Assume x is greater than 0. Simplify sin(2arccos(.5x)). The answer should have no trig functions in it, but it will have an x.

Answer 1

is that 0.5x?

Answer 2

yes! sorry for the confusion

Answer 3

what is is the equivalent form of sin(2u) ?

Answer 4

2cosxsinx ?

Answer 5

correct. If you apply the identity to the original expression, what do you get?

Answer 6

im not sure how to do that

Answer 7

you get 2 sin(arccos(x/2)) cos(arccos(x/2)), yes?

Answer 8

Ah ok! got that! Can I then cancel out the cos(arccos(0.5))?

Answer 9

no, you can not

Answer 10

you can not do so without stating the domian first

Answer 11

Oh I just saw the mistake in that. That was dumb. Should I use half angle identities then?

Answer 12

no you don't have too.
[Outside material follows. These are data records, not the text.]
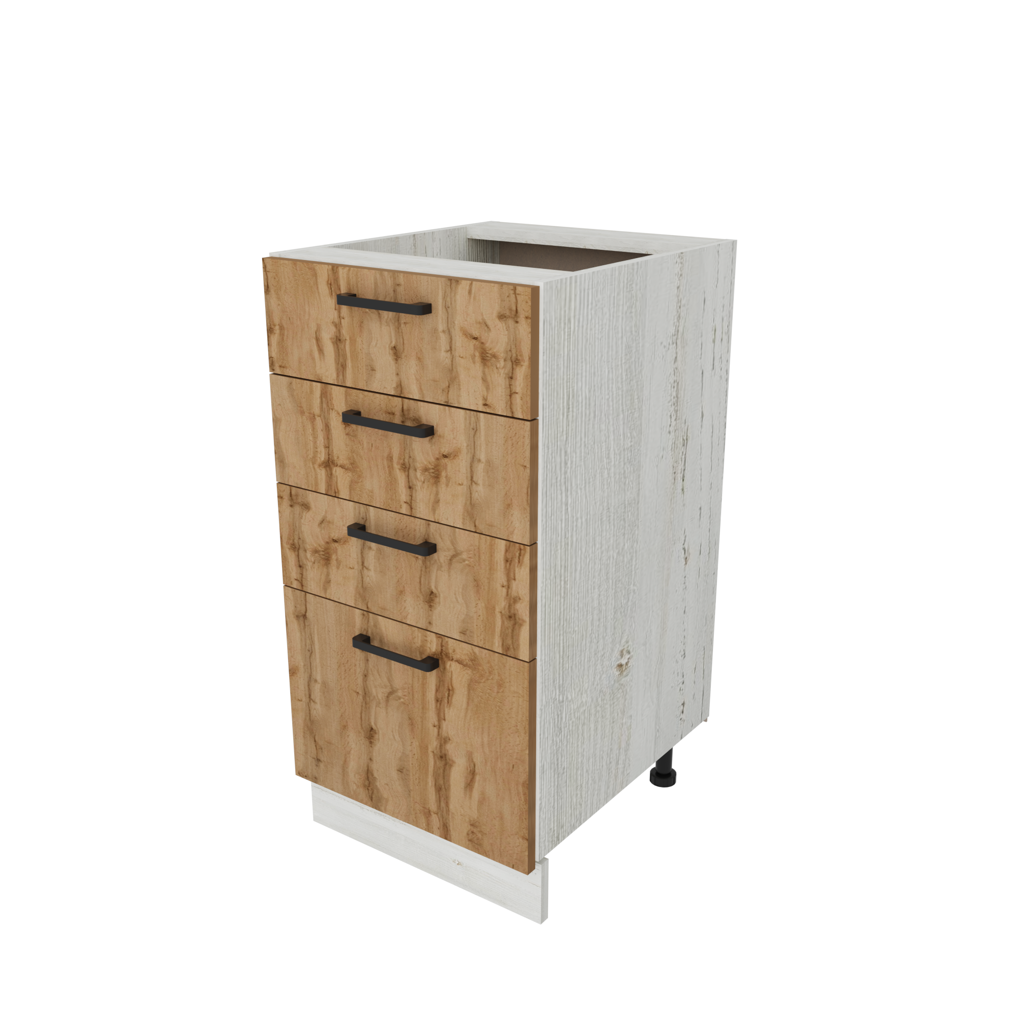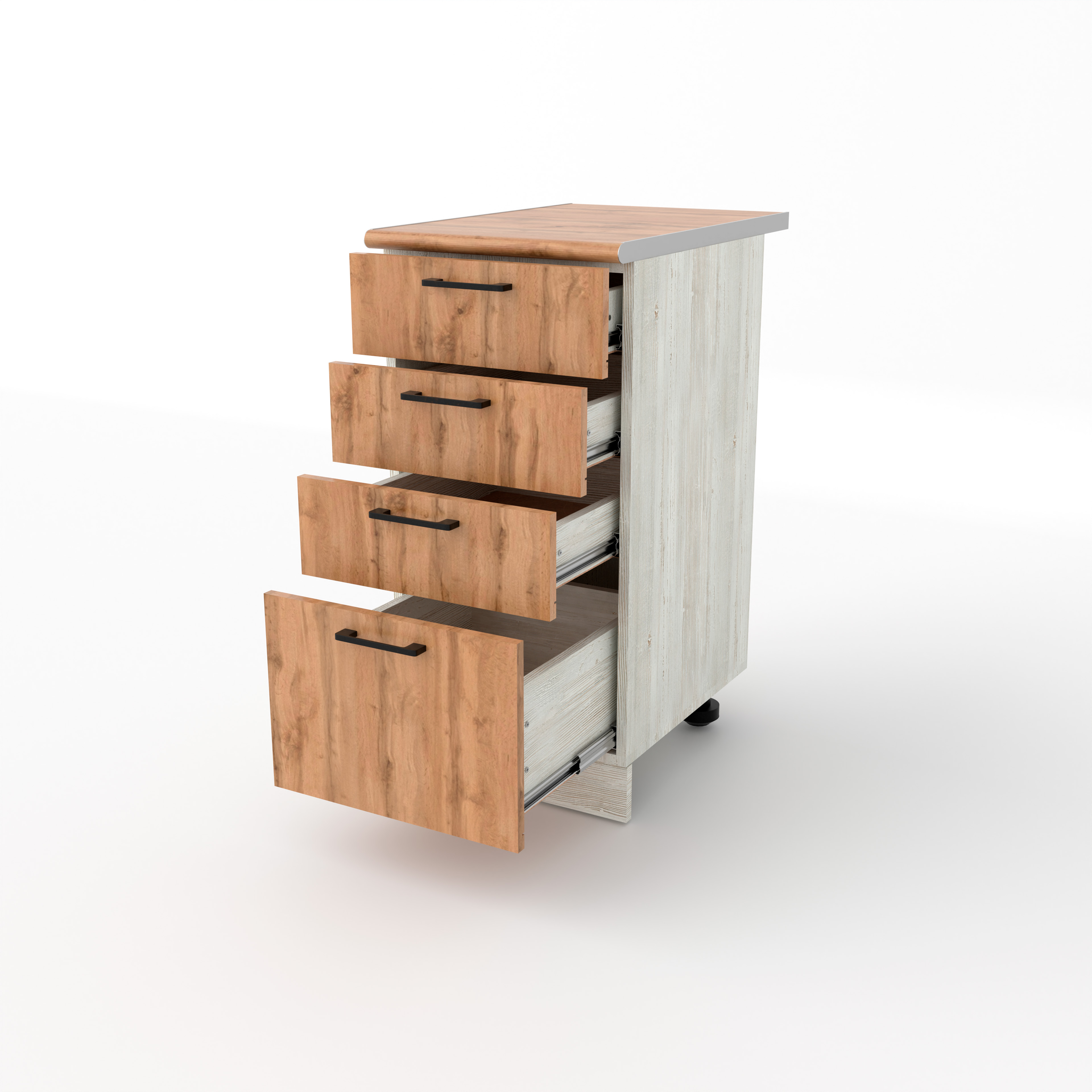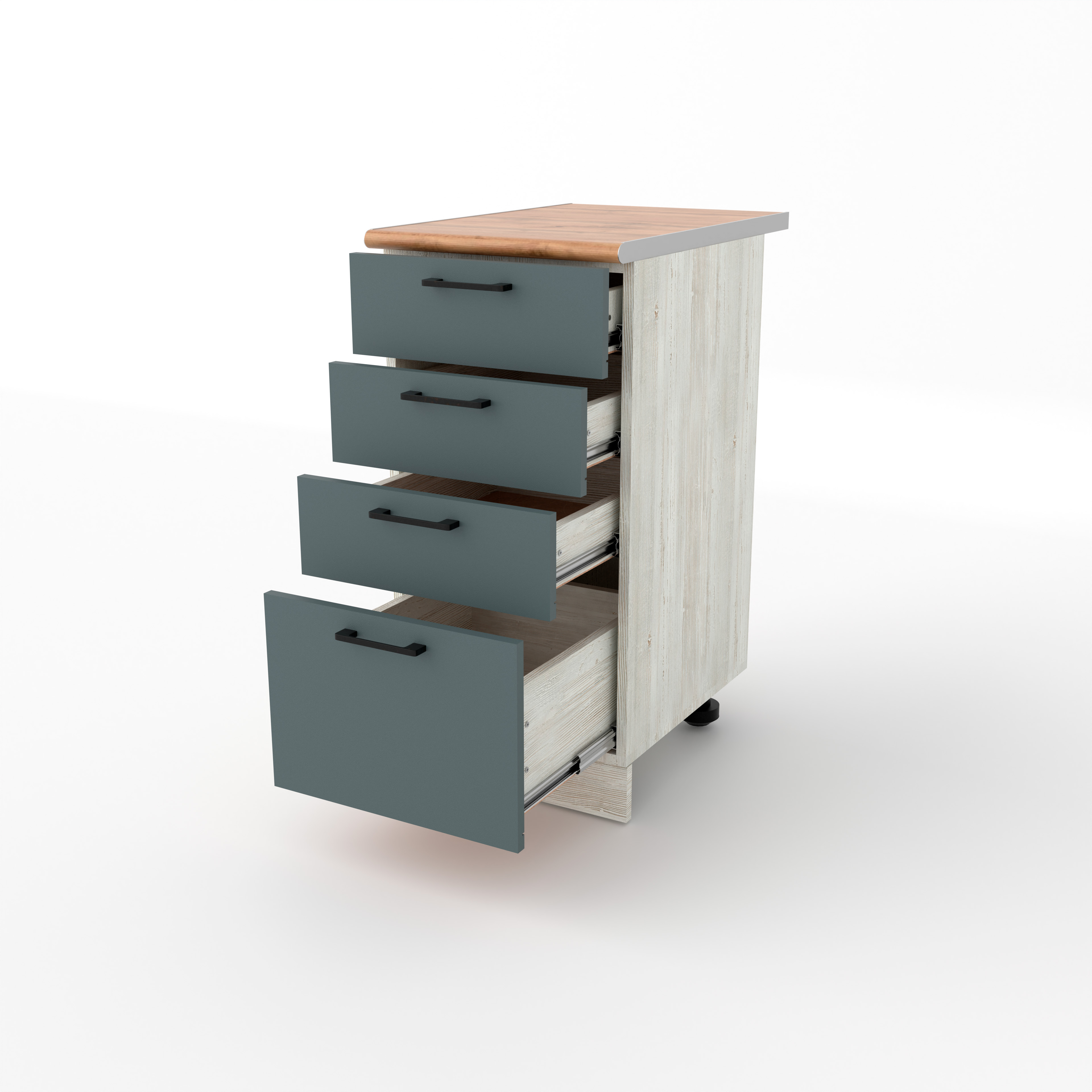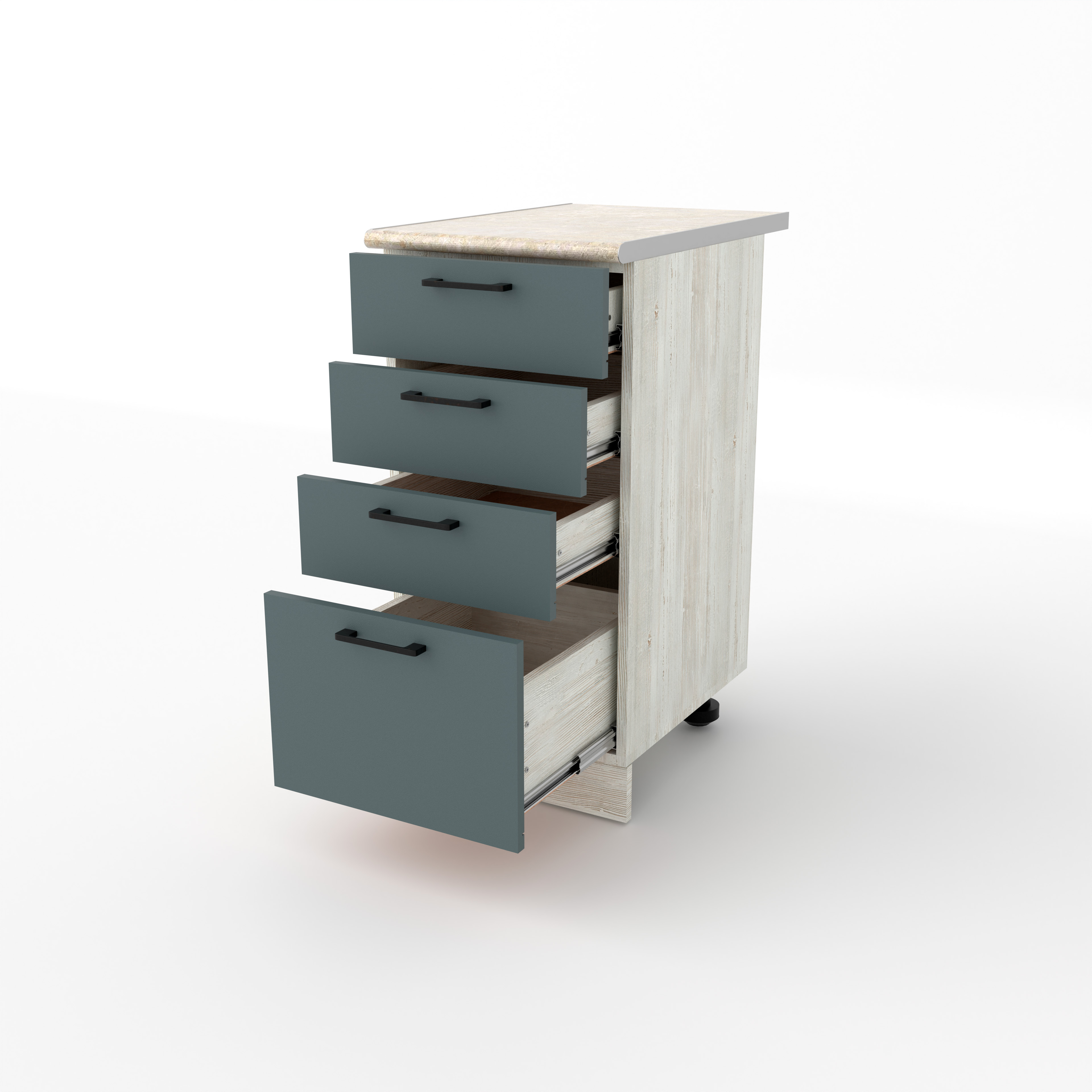 Разделочный кухонный стол с 4 выдвижными ящиками — это функциональный напольный модуль, предназначенный для хранения большого количества кухонных принадлежностей и подготовки продуктов. Верхние ящики: обычно используются для столовых приборов, ножей и мелких аксессуаров (открывашки, венчики).
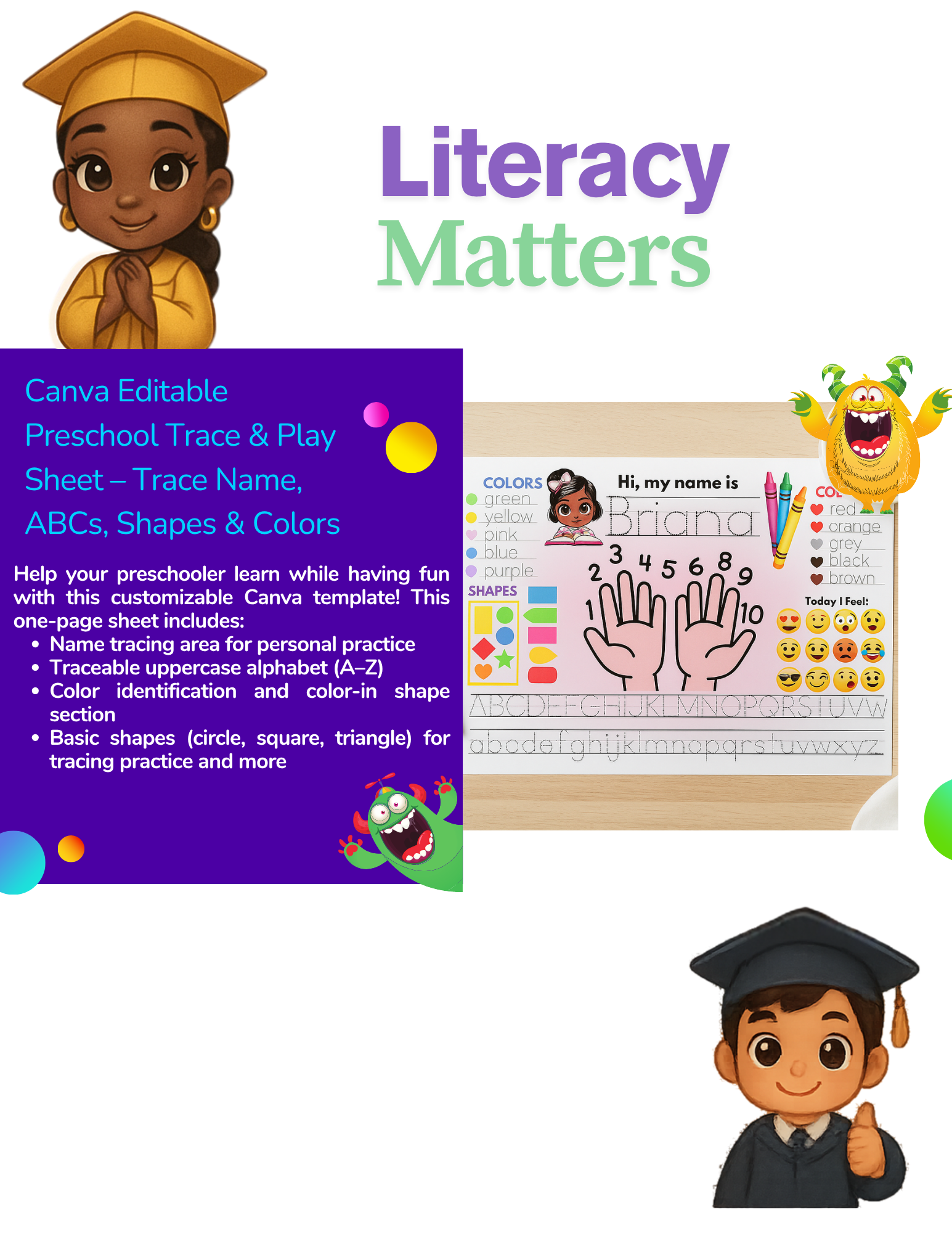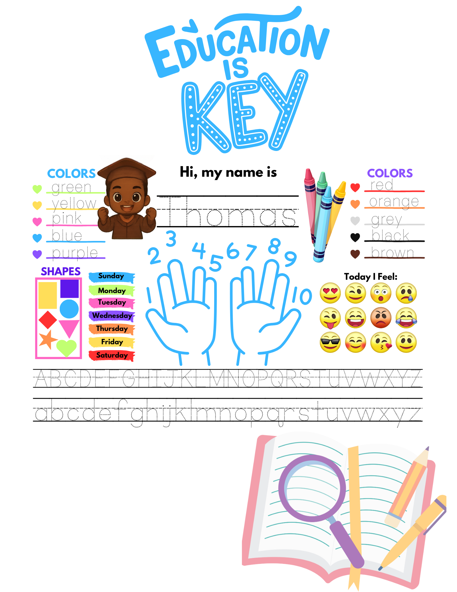 ✔️ Includes traceable letters, colors, and a name section
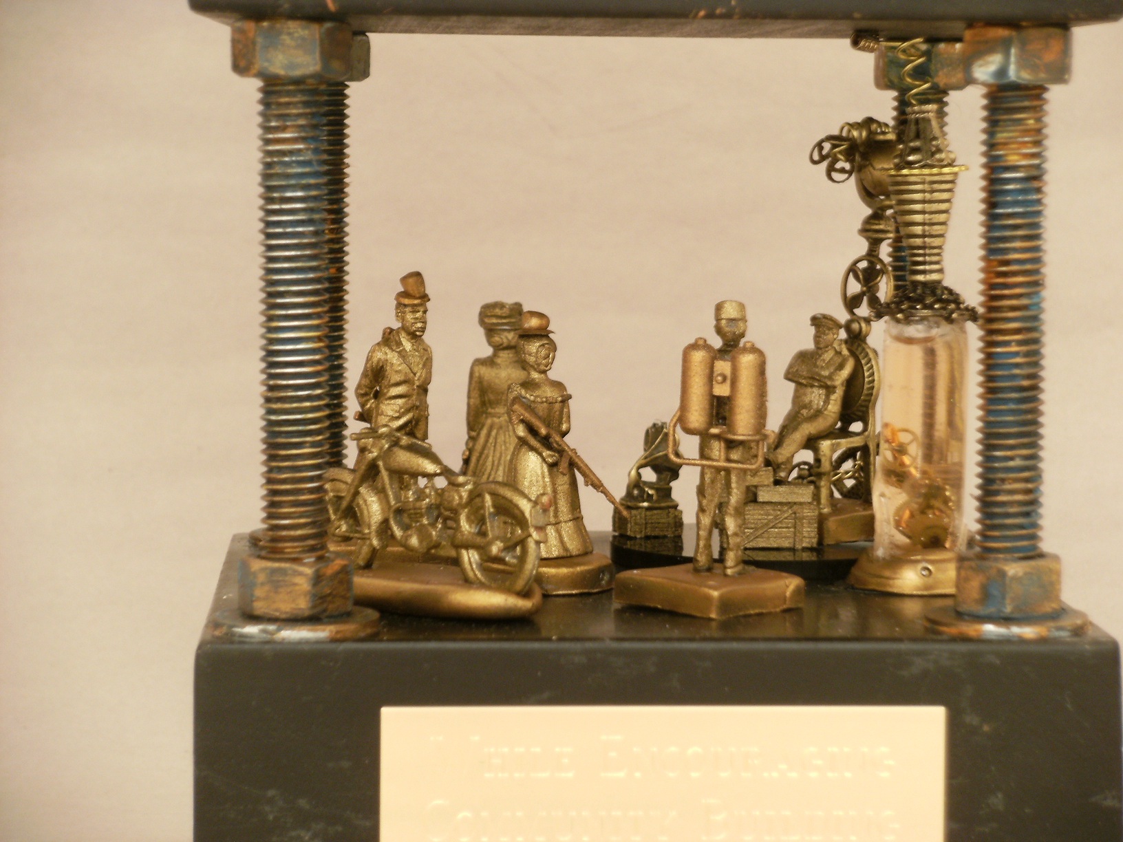 Next, we created a scene in the space between the upper and lower base, using tiny historical (with artistic liberties) figures. That scene includes a ray-gun-packing proper lady, a man relaxing in a time machine who looks suspiciously like Mr. Babbage in his Saturday cap, a traveler with a jetpack and a neo-Victorian couple conversing, both hiding weapons behind their backs. Here’s the finished piece, which also includes the Society’s motto on four separate brass plates wrapping each side of the base. Adding a jetpack to a figure just over 1-inch tall made me positively giddy.
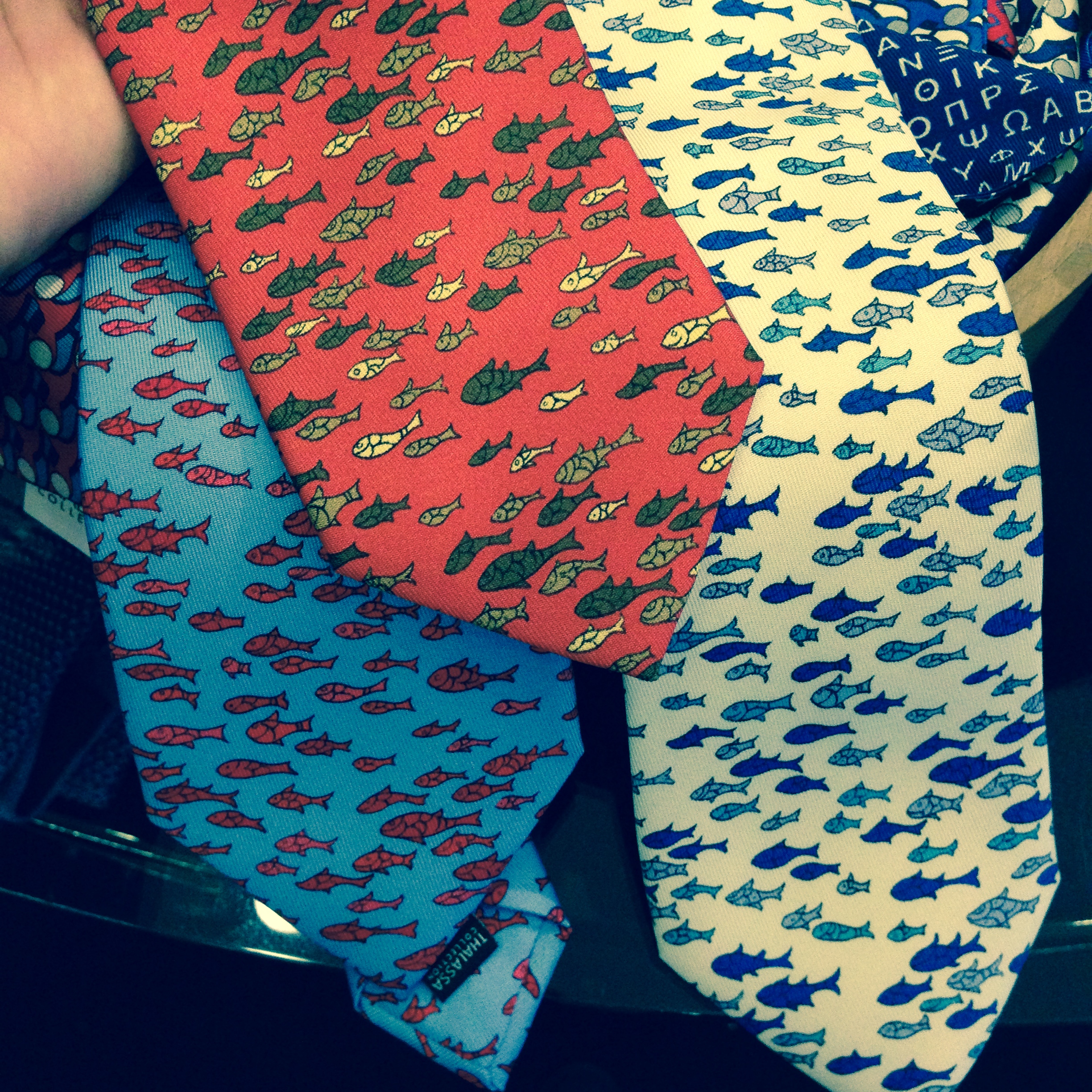 Le cravatte sono davvero belle e la seta non ha nulla da invidiare a quelle di Hermes. Le fantasie poi sono originalissime, ispirate alla Grecia (l’alfabeto greco, gli Euzoni ossia le guardie del Parlamento, le divertenti scarpine con il pon pon sulla punta indossate dalle guardie stesse…) o realizzate ad hoc per il Benaki Museum di Atene (come quelle con la fantasia con i pesciolini).
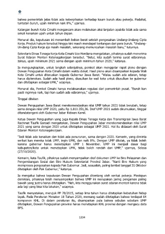 Dewan Pengupahan Kota Cimahi dalam waktu dekat. Hasil pleno akan disampaikan kepada Wali
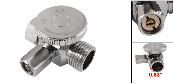 Product Name Hot Water Control Valve Female Thread Dia. 11mm/0.43'' 18.5mm/0.73'' Male Thread Dia. 21mm/0.83'' Overall Size 53 x 43 x 35mm/2.1'' x 1.7'' x 1.4'' (L*W*H)

What is the domain?

Answer 13

The domain of arccos and arcsin is -1 to 1

Answer 14

ok, if the domain of arccos(x) is [-1,1], what is the domain of arccos(x/2) ?

Answer 15

[-2, 2] ?

Answer 16

correct. Now, you're allowed to do cos(arccos(x/2)) = x/2.
Now you see why you need to state the domain first. If you didn't,
cos(arccos(x/2)) = x/2 is false if x is not in [-2,2]

Answer 17

say x = 10. cos(arccos(10/2)) is undefined, but 10/2 = 5. Undefined is not the same as 5 (which is defined)

Answer 18

now what about sin(arccos(x/2)) ?

Answer 19

well i can't cancel them out... Im not sure

Answer 20

maybe the half-angle identities?

Answer 21

no, half angle identity would probably make it worse.

Let's let u = arccos(x/2), then cos(u) = x/2, yes?

Answer 22

so am i solving for u?

Answer 23

sin(u) = sqrt(4-x^2)/2

but since u = arccos(x/2),
sin(u) = sin(arccos(x/2)) = sqrt(4-x^2)/2

Answer 24

so you have,
2 (sqrt(4-x^2)/2) (x/2) = (x/2) sqrt(4-x^2) <-- ans

Answer 25

thank you!!

Answer 26

no prob